Now we need to set up the configurations for the server and clients and construct the Job folder NVFLARE needs to run. We can do this using NVFLARE job CLI. You can study the [Job CLI tutorials](https://github.com/NVIDIA/NVFlare/blob/main/examples/tutorials/job_cli.ipynb) later with all the details. But for now, you can just use the following commands to find out the available job templates.

We need to set the job templates directory so the job CLI commands can find the job templates. If you have already set `NVFLARE_HOME` to `<NVFLARE git clone directory>`, then you can skip the following step.



In [None]:
! nvflare config -jt ../../../../../job_templates

In [None]:
! nvflare job list_templates

* Create job folder and initial configs

The template **'sag_pt'** seems to fit our needs: SAG with PyTorch, using the client API. Let's create a job folder with this template initially without specifying the code location, just to see what needs to be changed.


In [None]:
! nvflare job create -j /tmp/nvflare/jobs/cifar10_sag_pt -w sag_pt

Lets also looks at the server and client configurations

In [None]:
!cat /tmp/nvflare/jobs/cifar10_sag_pt/app/config/config_fed_server.conf

In [None]:
!cat /tmp/nvflare/jobs/cifar10_sag_pt/app/config/config_fed_client.conf

* Create a job folder with all the configurations.
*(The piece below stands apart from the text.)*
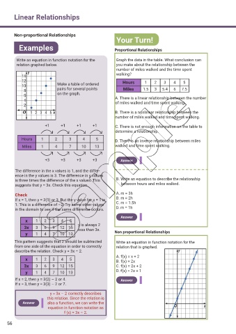 suggests that y = 3x. Check this equation. between hours and miles walked.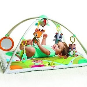 O bebê pode ficar deitado de barriga pra cima ou de bruços. Os brinquedos eletrônicos são removíveis, podendo ser levados para onde quiser. O espelho estimula o bebê a passar mais tempo de bruços do bebê, o que fortalece os músculos.

Let's change the `num_rounds` to 5, `script` to `train.py`, and `min_clients` to 2 in `meta.conf`. We also want to change the arguments for `train.py`: `dataset_path=CIFAR10_ROOT`, `batch_size=6`, `num_workers=2`. Note that the `dataset_path` is not actually changed, but we just want to show you that it could be changed.


In [None]:
! nvflare job create -j /tmp/nvflare/jobs/cifar10_sag_pt -w sag_pt \
-f meta.conf min_clients=2 \
-f config_fed_client.conf app_script=train.py app_config="--batch_size 6 --dataset_path {CIFAR10_ROOT} --num_workers 2" \
-f config_fed_server.conf num_rounds=5 \
-sd ../code/fl \
-force

OK, we are ready to run the job, let's look at the job folder, use "ls -al" if you don't have "tree" installed. 

In [None]:
! tree /tmp/nvflare/jobs/cifar10_sag_pt  

## Run Job
We can use simulator to run the job directly. 


In [None]:
! nvflare simulator /tmp/nvflare/jobs/cifar10_sag_pt  -w /tmp/nvflare/jobs/cifar10_sag_pt_workspace -t 2 -n 2 

The job should be running in the simulator mode. We are done with the training.